Неистовство, которое овладевало им в такие моменты, было столь яростным, что я чуть ли не в ужасе успокаивала себя, что это говорит всего лишь мой брат-мальчишка.

— Никогда такого не слышала, — возражала я, — Ты это выдумал.

— Да. Выдумал. Но знаю, это правда.

— Правду нельзя выдумывать. Правде нужно учиться.

— Меня учили. Молния — мой учитель. Она — мой Бог.

Душа моя затрепетала, потрясенная неистовым пылом, с каким он это сказал; однако я понимала, что это богохульство. И хотя не могла поверить, что Бог обрушит свой гнев на какого-то мальчишку, но инстинктом почувствовала: моя задача в том, чтобы умерить его пыл. Иначе что будет, если вдруг подобные настроения, вполне безобидные в детстве, пустят корни и когда-нибудь полностью завладеют возмужавшим интеллектом? Итак, при любой возможности я старалась передать Виктору свои ощущения от Природы, ее мягкости и благожелательности.

— Горы, — сказала я ему однажды, — это спящие гиганты. Я слышу ночью их глубокое дыхание. Может быть, мы только снимся им, снимся спящей земле.

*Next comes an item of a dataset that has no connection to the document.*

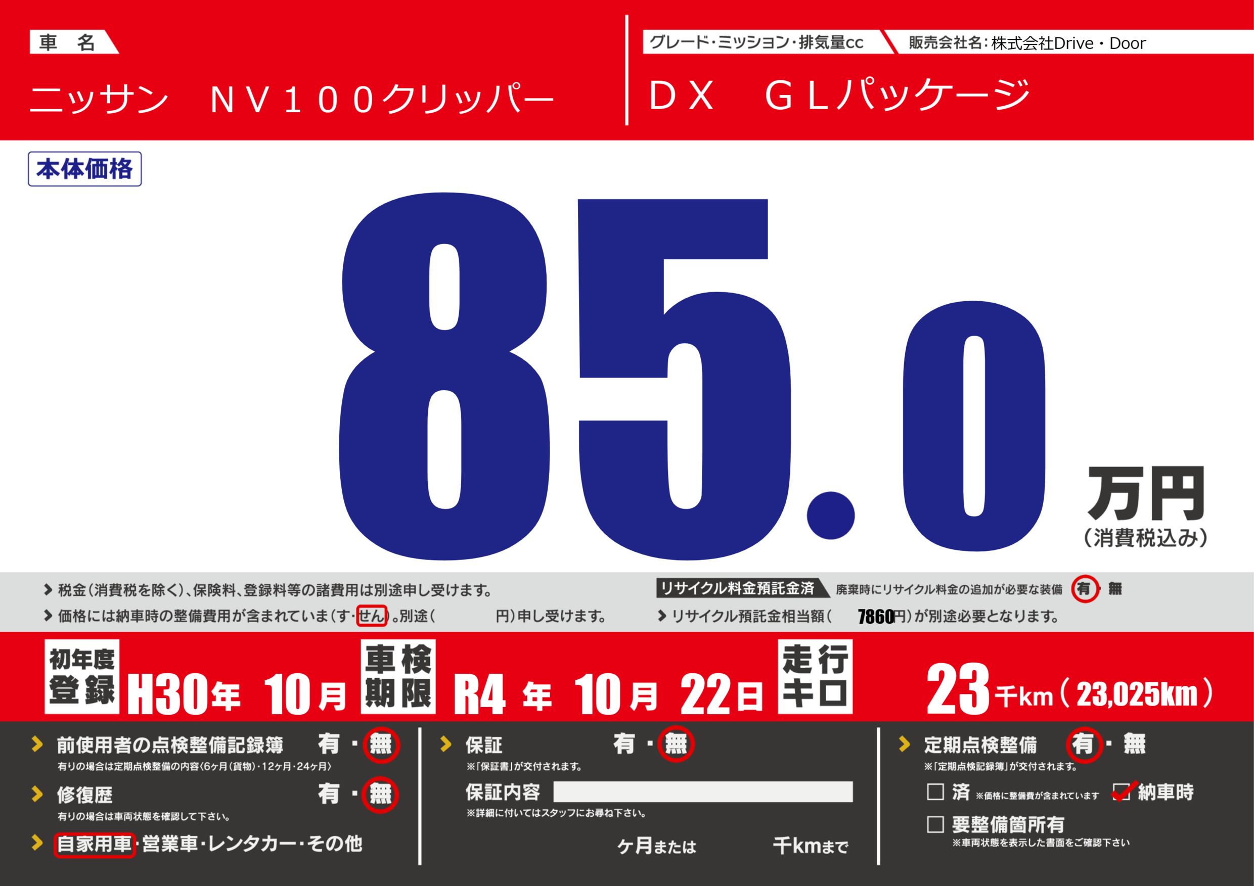 | 車名 | ニッサン NV100クリッパー | グレード ミッション 排気量 |

— Вздор! — ответил Виктор, — Они существуют для того, чтобы покорять их, как это делал отец. Когда мы стоим на их вершине, тогда мы гиганты.

— Папа называет каждую из них по имени, как старых друзей, — напомнила я ему.

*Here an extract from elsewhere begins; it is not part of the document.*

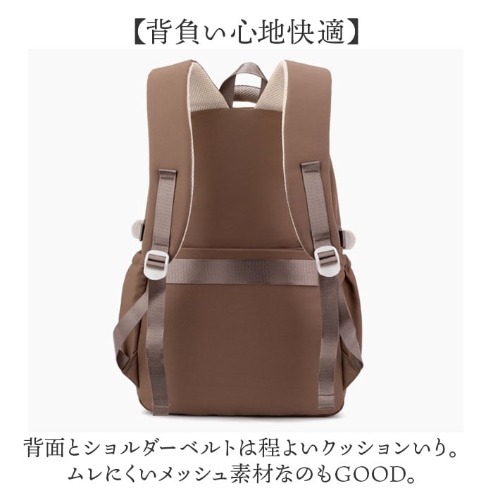 ・背面とショルダーベルトは程よいクッションいり。ムレにくいメッシュ素材なのもGOOD。

— Это всего лишь игра, в которую он играл с нами — делал вид. Альпы — это нагромождение мертвых скал, только и всего. Когда-нибудь мы построим города на их вершинах. Мы подчиним их себе — и Монблан тоже. Я буду первым, кто получит награду месье Соссюра, но не приму ее. Я поднимаюсь не ради денег, как и он, а только ради познания света и воздуха и бури.

Получить награду месье Соссюра за покорение Монблана стало заветной мечтой швейцарской молодежи, и Виктор грезил о ней не меньше своих приятелей-мальчишек. Играя, они часто выбирали какой-нибудь из ближайших холмов, называли его именем горделивой горы и состязались, кто окажется первым на его вершине. Я не разделяла страстного увлечения Виктора подобными безрассудными упражнениями.

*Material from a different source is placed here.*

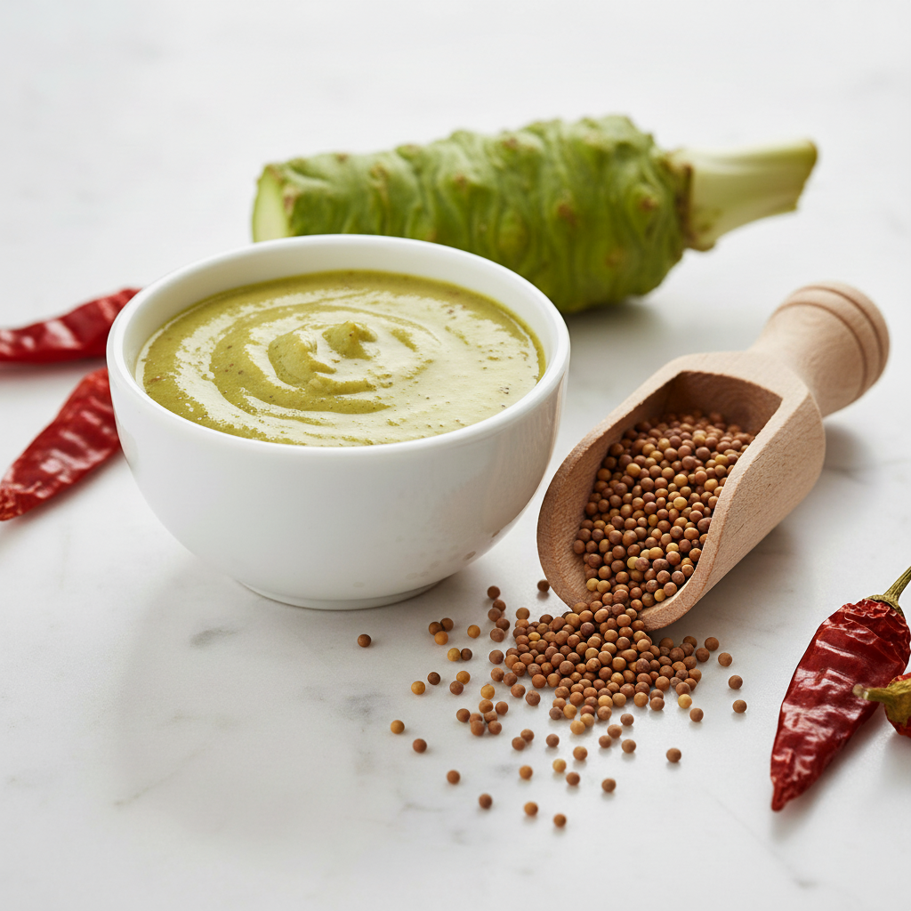 हमारी नवीनतम रचना, वसाबी मस्टर्ड के साथ अपने स्वाद के अनुभव को बढ़ाएँ। सटीकता के साथ तैयार किया गया यह अनूठा मिश्रण जापानी वसाबी की बोल्डनेस, भारतीय सरसों की समृद्धि और भूत जोलोकिया (घोस्ट पेपर) मिर्च के तीखे स्वाद को एक साथ लाता है।

— Сидеть здесь и любоваться — это такая привилегия, — сказала я ему однажды, когда мы сидели на тихой лужайке. — Того, что я вижу отсюда, достаточно, чтобы наполнить сердце радостью. И когда я слышу…

— Да? Что тогда?

— Замолчи! И слушай со мной. Все имеет голос, все может рассказать свою историю. Повсюду прячутся истории. Взять хотя бы траву… ее листья как множество зеленых язычков. Я бы лучше научилась языку травы, чем слушать гром, орущий на вершинах гор.

Иногда Виктор бывал менее возбужден, и мои слова действовали на него; он пытался научиться спокойному взгляду на Природу, которая находится рядом, в непосредственной близости. Но каждый раз беспокойный его нрав вскоре снова брал верх. Его мысли устремлялись к явлениям более диким: буре, грозе, молнии. Я придумала только одно развлечение, которое заинтересовало его. Мы брали лодку на одном из горных озер и отплывали недалеко от берега. Потом ложились рядом на дно лодки, мягко покачивавшейся на волнах. Так мы лежали, безмолвно устремив взгляд в ясное и бездонное небо, и наши мысли уносились вдаль, как перышки на ветру. «Подожди, — говорила я ему, — полежим еще чуть-чуть». И бывало, он чувствовал то же, что я. Голова начинала приятно кружиться; небеса вращались хмельным вихрем, наполняясь необычными красками и блуждающими огоньками. И какие потом являлись картины!